The drunk replies, "Tits!"

"Some say the glass is half empty, some say the glass is half full, I say, are you going to drink that?" –Lisa Claymen

Children’s Answers about Angels

  • I only know the names of two angels. Hark and Harold. Gregory, 5
  • I hear angels all the time in my dreams. And I’m sticking with that no matter how many people tell me I’m crazy. Molly, 8
  • Everybody’s got it all wrong. Angels don’t wear halos anymore. I forget why but scientists are working on it. Olive, 9
  • It’s not easy to become an angel! First, you die. Then you go to Heaven then there’s still the flight training to go through. And then you got to agree to wear those angel clothes. Matthew, 9
  • Angels don’t eat but they drink milk from holy cows. Jack, 6
  • Angels talk all the way while they’re flying you up to heaven. The basic message is where you went wrong before you got dead. Daniel, 9
  • Angels have a lot to do and they keep very busy. If you lose a tooth, an angel comes in through your window and leaves money under your pillow. Then when it gets cold, angels go north for the winter. Sara,6
  • All angels are girls because they gotta wear dresses and boys didn’t go for it. Antonia, 9

When serving my National Service in what was Rhodesia…. I was wounded by a grenade. Years later, while on a working visa in Brisbane, I applied for permanent residence.

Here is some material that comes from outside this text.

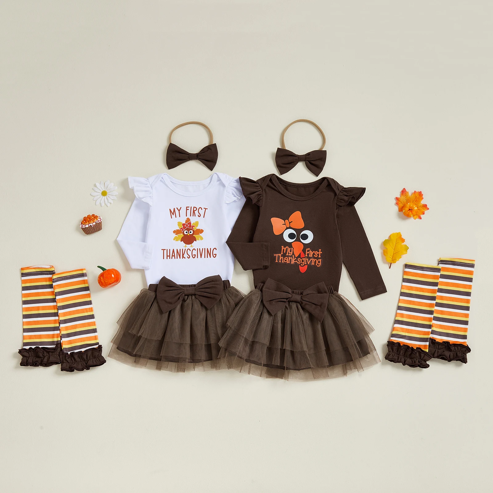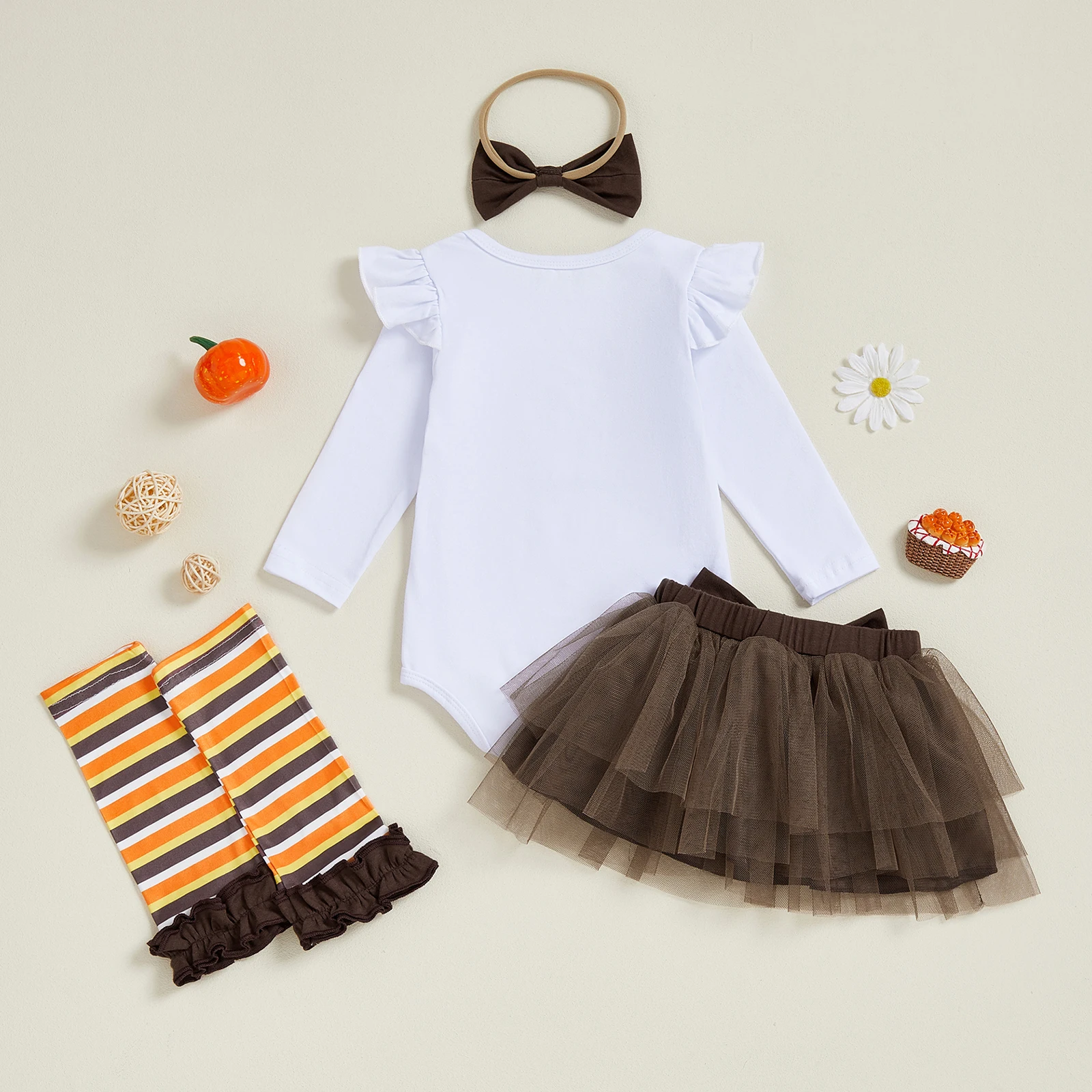 Comprar SUNSIOM, 4 Uds., traje de Acción de Gracias para niña, pelele de manga larga + falda de tul + diadema + calentadores de piernas, conjunto de ropa infantil

I went for my TB check-up and was in the waiting room when the young radiographer came running in waving my Xray and exclaimed: "your back is full of shrapnel."

Po-faced I replied… "Gosh…. I had no idea!"

Two muffins are sitting in an oven. One turns to the other and says "Boy it’s hot in here". The other turns around and says "Oh my God, a talking muffin!"

I was over in Adelaide one weekend and visited a large shopping centre. At lunchtime, I decided to purchase a sandwich. I fronted a sandwich shop in the food hall and asked the young guy (I think he was blonde) behind the counter for a salami sandwich. I said, "Do you have hot salami?"

He replied, "No. Only cold salami, but I can heat some up in the microwave for you."

"This week marks the beginning of the Chinese year of the pig. So, guys, this is our year!" –Jay Leno

A man goes to the doctor with a swollen leg. After a careful examination, the doctor gives the man a pill big enough to choke a horse.

"I’ll be right back with some water," the doctor tells him.

The doctor has been gone a while and the man loses patience. He hobbles out to the drinking fountain, forces the pill down his throat and gobbles down water until the pill clears his throat. He hobbles back into the examining room.

The doctor comes back with a bucket of warm water. "Ok, after the tablet dissolves, soak that leg for at least 30 minutes."

At Duke University , there were four students taking chemistry and all of them had an "A" so far. These four friends were so confident, that the weekend before finals they decided to visit some friends and have a big party. They had a great time, but after all the hearty partying, they slept all day Sunday and didn’t make it back to Duke until early Monday morning.

Rather than taking the final then, they decided that after the final they would explain to their professor why they missed it. They said that they visited friends but on the way back they had a flat tyre. As a result, they missed the final. The professor agreed they could make up the final the next day. The guys were excited and relieved. They studied that night for the exam.

The Professor placed them in separate rooms and gave them a test booklet. They quickly answered the first problem, worth 5 points. Cool, they thought! Each one in a separate room, thinking this was going to be easy…. then they turned the page.

On the second page was written….

For 95 points: Which tyre?________

As the storm raged, the captain realized his ship was sinking fast. He called out, "Anyone here know how to pray?"

One man stepped forward. "Aye, Captain, I know how to pray."

"Good," said the captain……"you pray while the rest of us put on our life jackets – we’re one short."